As Stata Corporation notes, “In a Bayesian multilevel model, random effects are model parameters just like regression coefficients and variance components” (StataCorp, 2020). This ability to estimate the distributions of these random effects means that the distribution of the random effect for one group can be compared to another. For example, the distribution of a parameter in one country could be directly compared to the distribution of that same parameter in another country. One could even estimate the probability that a particular \(\beta\) had a higher value in one group (e.g. country), than in another. As Balov (2016) suggests, this Bayesian approach allows us to “quantify the credibility” of these comparisons, which would not be possible with a frequentist approach. Rognli et al. (2022) make a similar point about estimating the probability of a practically or substantively meaningful effect size.
As an example, Stunnenberg et al. (2018) conducted a Bayesian analysis where the results of the multilevel analysis were used to inform treatment decisions. Here the data were repeated measures on patients, and thus the patients were the groups: “On completion of each treatment set, a Bayesian analysis was conducted to calculate the posterior probability of mexiletine [treatment] producing a clinically meaningful difference in the individual patient.”
9 Distributional Models
Bayesian estimators allow one to directly model \(\sigma_{u_0}\), the variance of the Level 2 units, as a function of covariates (Burkner, 2018). This potentially allows for the opportunity for this variation to become an outcome parameter of substantive interest.
10 Non-Linear Terms
Bayesian estimators allow for the incorporation of non-linear terms (Burkner, 2018). Such non-linear terms offer ways of non-parametrically fitting curvature. An open question is whether such methods represent a kind of over-fitting. A related question is the degree to which non-linear terms provide substantively interpretable results.
11 Maximal Models
Hypothetically, one might imagine that there could be group level unobserved factors which affect regression slopes–i.e. the relationship between a predictor x and outcome variable y. Arguably, were one to ignore these unobserved factors in statistical estimation, they would show up either in an error term (\(e_i\) or \(u_0\)), or in the regression coefficients (\(\beta\)). Were they to show up in the regression coefficients this would represent statistical bias and a substantive mis-estimation of important effects. thus, there is a conceptual argument for including as many random effects—i.e. random slopes—in a statistical model as possible.

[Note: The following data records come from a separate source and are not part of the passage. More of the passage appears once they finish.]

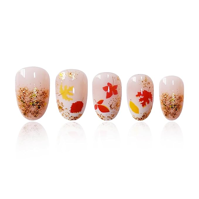 24Pcs Fall Press on Nails Short Oval Fake Nails with Gold Glitter Yellow Red Maple Leaf False Nail Reusable Thanksgiving Acrylic Nails Full Cover Autumn Maple Leaves Stick on Nail for Women Nail Art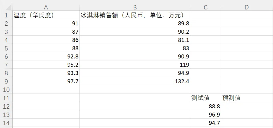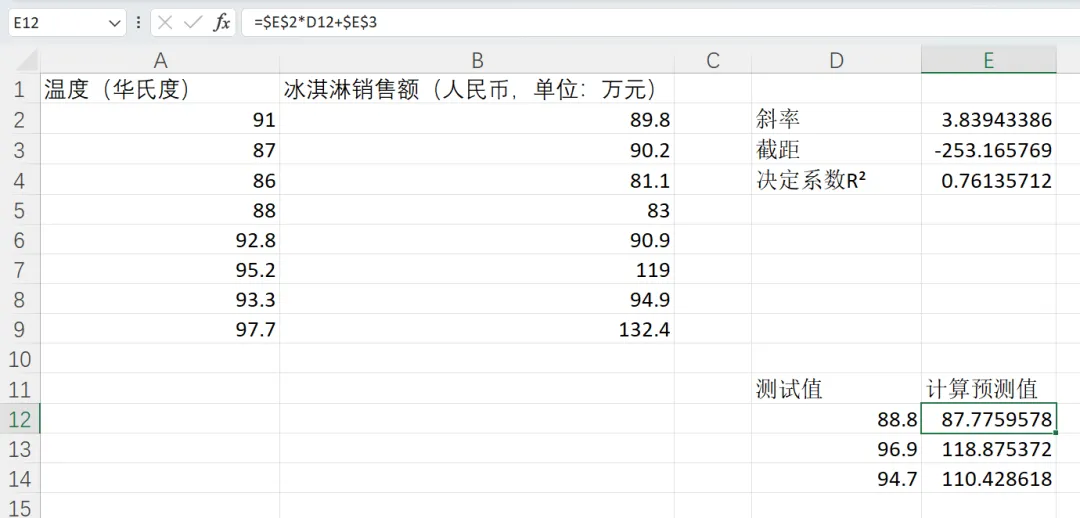 说明:如上图所示,在表格中,E2 为斜率,E3 为截距,D12 为待预测的自变量值。
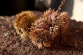 Zbliżenie na bur zawierający kasztany jesienią w Cevennes (Saint-Laurent-le-Minier, Francja)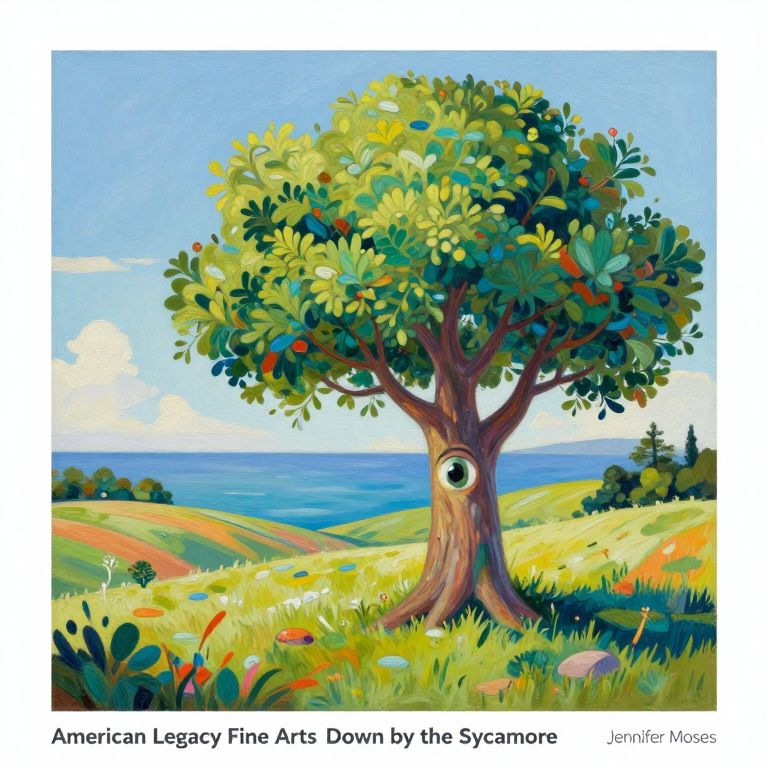 American Legacy Fine Arts showcases 'Down by the Sycamore,' a vibrant painting by Jennifer Moses, featuring a whimsical tree with a face-like eye, set against a serene landscape of rolling hills, a tranquil sea, and a bright sky, rendered in a colorful, illustrative style with detailed textures and playful elements.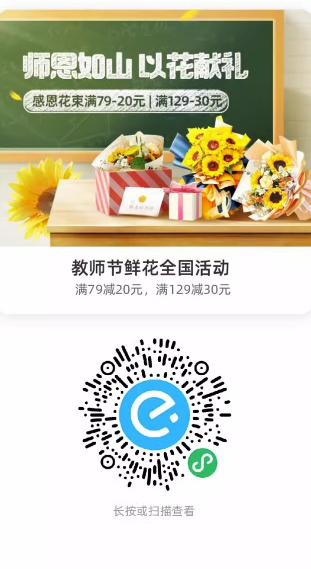饿了么,教师节可领鲜花79-20和129-30,水果榴莲有99-30等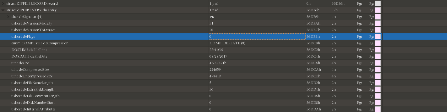在上文 ZIP 格式中的 核心目录区 中,我们强调了一个叫做通用位标记 (General purpose bit flag) 的 2 字节,不同比特位有着不同的含义。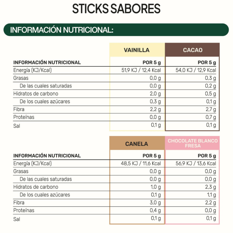Sticks para personalizar el sabor de tus complementos en polvo neutros, como la proteína neutra láctea o vegana.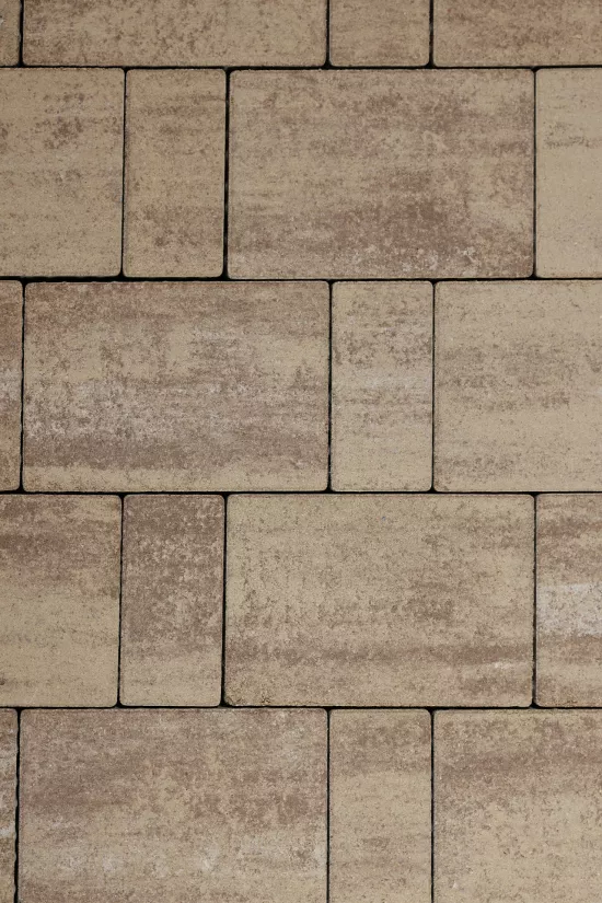 Písková barva vyniká svou schopností opticky zvětšit i menší plochy a dodat jim čistý, upravený vzhled. Díky kombinaci tří formátů působí výsledná plocha velmi přirozeně a harmonicky, přičemž si zachovává všechny technické přednosti moderní betonové dlažby.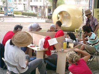 しかし、それぞれの机上にある酒瓶や空き缶が気になる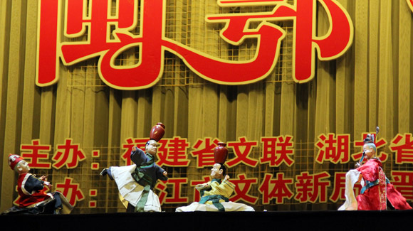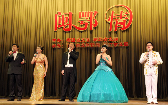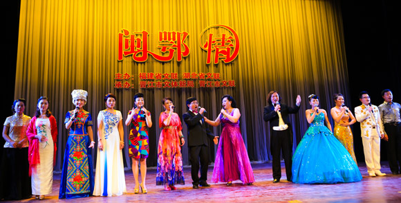 演出中,鄂閩兩地藝術(shù)家同臺(tái)高歌。傅正明/攝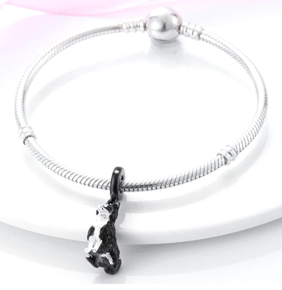 Tento roztomilý psí přívěsek je pro ty, kteří jsou vysoce energičtí a vždy ve skvělé náladě, stejně jako plemeno Border kolie. Tento přívěsek je dekorován hladkým černým smaltem, prsten přívěsku je černý a zdobený bílým třpytivým Zirkonem. Zdůrazňuje osobnost lidí, kteří milují psy. S každým přívěskem vyprávěj svůj příběh a vytvoř si náramek, který odráží, kdo jsi. Tvůj styl. Tvůj náramek. Tvůj příběh.

Bayesian estimators more readily allow for the estimation of so called maximal models (Barr et al., 2013; Frank, 2018), which allow for the inclusion of a large number of random slopes, e.g. \(u_1, u_2, u_3, ..., etc.\) even when some of those estimated slopes are close to 0.
It should be noted that Matuschek et al. (2017) argue that such a maximal approach may lead to a loss of statistical power and further argue that one should adhere to “a random effect structure that is supported by the data.”
In contrast, Nalborczyk et al. (2019) argue that maximal models are supported under the Bayesian approach. Oberauer (2022) also argues for including multiple random slopes. Schielzeth and Forstmeier (2009) make a similar argument from a frequentist perspective.